**About this exercise:** Please take the records that follow and repeat exactly the lines starting with the line with "Fantasy celestial divider" and going on through the line with "This beautifully crafted".

Material shown: Begin

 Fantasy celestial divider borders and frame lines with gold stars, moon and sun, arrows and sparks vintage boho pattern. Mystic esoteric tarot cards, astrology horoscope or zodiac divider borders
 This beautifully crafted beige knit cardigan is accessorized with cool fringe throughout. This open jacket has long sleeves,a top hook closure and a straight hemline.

Material shown: End
Material shown: Begin

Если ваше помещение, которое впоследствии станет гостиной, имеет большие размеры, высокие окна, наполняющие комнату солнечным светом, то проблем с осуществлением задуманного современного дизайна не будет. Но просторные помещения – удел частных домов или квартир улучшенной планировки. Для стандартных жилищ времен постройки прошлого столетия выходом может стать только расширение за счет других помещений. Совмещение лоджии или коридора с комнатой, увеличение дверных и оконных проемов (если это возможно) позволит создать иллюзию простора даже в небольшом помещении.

Material shown: End

**Written solution:**
 Fantasy celestial divider borders and frame lines with gold stars, moon and sun, arrows and sparks vintage boho pattern. Mystic esoteric tarot cards, astrology horoscope or zodiac divider borders
 This beautifully crafted beige knit cardigan is accessorized with cool fringe throughout. This open jacket has long sleeves,a top hook closure and a straight hemline.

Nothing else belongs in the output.